“Нервы…” Ребенку я дал бы месяцев восемь, был он задумчивым, проснулся, помогли ему приподняться – и он уставился на меня с большим интересом, очень, очень любознательный мальчик! Перенесенный в сетчатый загончик, он продолжал изучать меня, норовил перевалить через верхний обод, а затем с помощью отца одолел первые метры. “И мне пора идти”, – сказал я.

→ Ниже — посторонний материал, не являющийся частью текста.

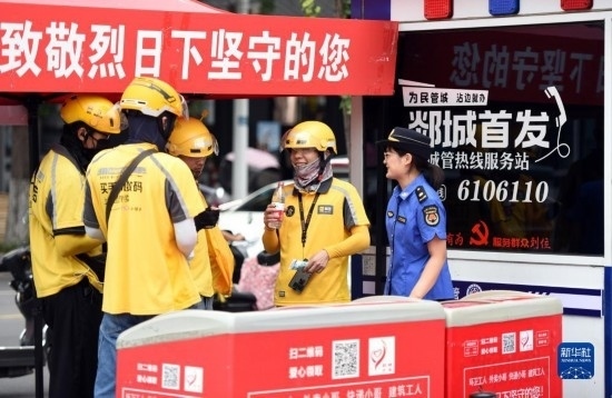 7月21日,在山東省臨沂市郯城縣“愛(ài)心驛站”,城管隊(duì)員為外賣(mài)小哥送上冰鎮(zhèn)水。新華社發(fā)(房德華 攝)
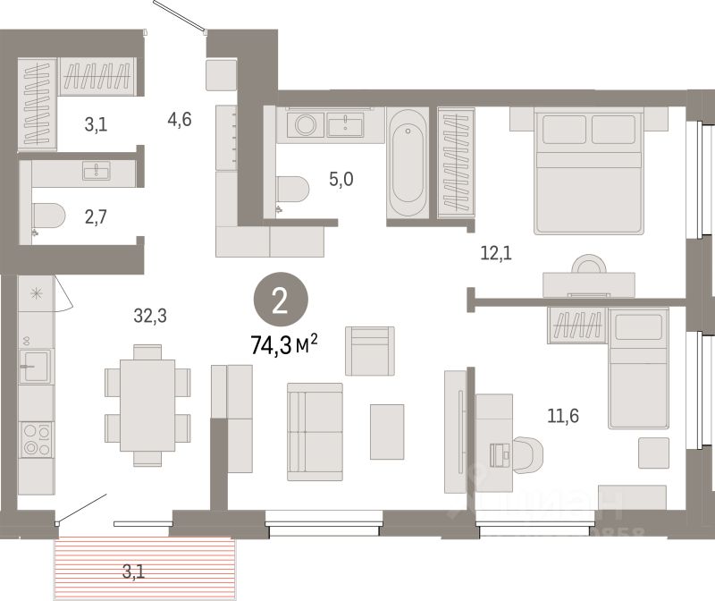 74,3 м²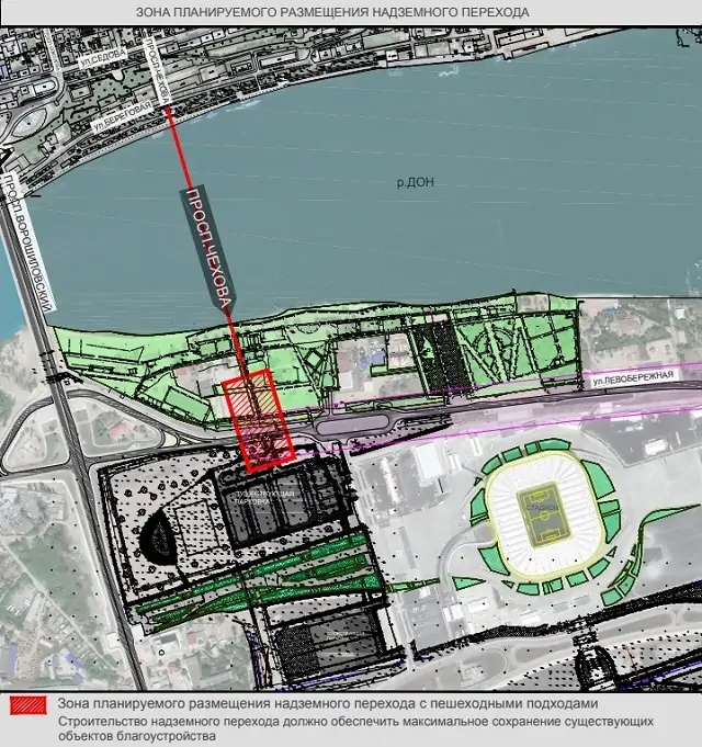 В середине сентября глава администрации Ростова Виталий Кушнарёв рассказал, что пешеходный «летящий мост» на левом берегу Дона появится к 2020 году. Якобы он необходим для безопасности отдыхающих — многие приезжают на личных автомобилях, оставляют их на парковке стадиона и идут через дорогу в парк.

Через два дня “Предисловие” переработалось, по прочтении его невольно возникало подозрение: а книге-то доверять – нельзя, шулером и неучем написана! Академик улыбался, мстительно сжимая кулак. Я рассматривал корешки книг. Пошел курить на лестничную площадку – и помог Жене выкатить коляску из лифта, костями, лимфой, кожей и печенками чувствуя, как неприятен я ей. (Да, немало женщин будто опускало передо мной железный занавес, по которому вибрировал заградительный ток взаимной неприязни.) Коляску воткнули в угол, мальчик разоспался. Опять обедали, обошлось без слез, и платьице было не домашним, а гостевым – по воле или настоянию супруга; от
Жени, я понял, добра не жди, и напрашивалось очевиднейшее: сюда – ни шагу! Но деньги за “Предисловие” достались так легко и в таком количестве, что неловко было отказываться от еще одного предложения: карандашом, уже дома, пройтись по курсовой работе Жени, училась она в пединституте на заочном. С ленцой, неспешно походил глазами по тексту, дома на тахте полеживая. Позвонил на Губкина, попросили быть около пяти вечера. Приехал. Водя пальцем по листам курсовой, показал
Жене, где что исправить. Она не спорила. Еще пятнадцать, двадцать минут – и я простился бы с этой туповатой студенткой, с мальчиком
Никой, с академиком, но тот вдруг вознамерился покатать коляску с сыном по вечернему скверу. Мальчика снарядили в недальний путь, академик указательным пальцем постучал по наручным часам и скрылся за дверью, и мне бы вслед за ним, да тут привалила парочка – однокурсница Жени и бойкий парень с рысьими глазами. Сервировочный столик застыл посреди комнаты, впервые я увидел родную московскую водку с этикеткой на латинице; однокурсница стреляла глазами и трещала без умолку, заранее соглашаясь на все, и рассказала дурной анекдот, парень сосредоточенно напивался; затем эта парочка отделилась от нас, раздвинув ширмочку; у Жени тряслись губы, обрели наконец способность вытолкнуть слова: “Можете курить, потом проветрим…” Испуг застилал глаза ее, ладошка коснулась кушетки, на которой сидела, и я понял, что мне надо быть рядом, а что дальше делать – подсказали шорохи за ширмочкой. Было стыдно, но и Жене тоже, что нас сближало, что позволяло мне все ближе быть к ней; испуг у меня прошел, зато в широко раскрытых глазах ее полыхала мольба, а потом и слезы пролились; губы пылали… Когда мы очнулись, парочка испарилась, и самой ширмочки уже не было, я порывался бежать
– от позора, от горящих в стыду щек моих, от Жени, которая сразу и смеялась, и плакала, – она повисла на мне, она говорила и говорила, она призналась, что при первой нашей встрече я ей так не понравился, так был отвратен, но теперь, когда случилось то, что случилось, я для нее единственный человек, с которым она может быть женщиной, и не надо впадать в ужас оттого, что все это подстроено мужем, потому что…
О, этот “жаркий женский шепот”, кочующий по сочинениям графоманов!
Но из него, из шепота этого, опалявшего мое ухо, я понял: мальчик в коляске – плод последней и потому смертельной страсти семидесятилетнего академика, финальный мужской аккорд, за которым – тишина, беззвучие, бессилие. Но академик есть академик, рациональное мышление возобладало над всеми страстями, отчаяние подсказало импотенту: изменять ему супруга будет, запреты и взывания к моральному долгу пользы не принесут, потому и решено было – весь будущий, грубо говоря, разврат ввести в семейно-квартирные рамки, то есть контролировать на месте контингент тех, кто мог заменить его на супружеском ложе, заодно пресекая возможные “на стороне” любовные авантюры Евгении. И первым в рамку втиснули меня.
Стыд и ужас! Ужас и стыд! Вновь я вляпался, опять я угодил в сети.
В яму, как на Селезневской, полетел, для меня вырытую. И эта парочка лицедеев, осуществившая как бы пролог, эпиграфом к еще не написанному тексту шуршавшая и стонавшая за ширмочкой, – она ведь подсказала мне, неучу, как правильно ответить на экзаменационный билет… Вот до чего я докатился: шпаргалками пользуюсь!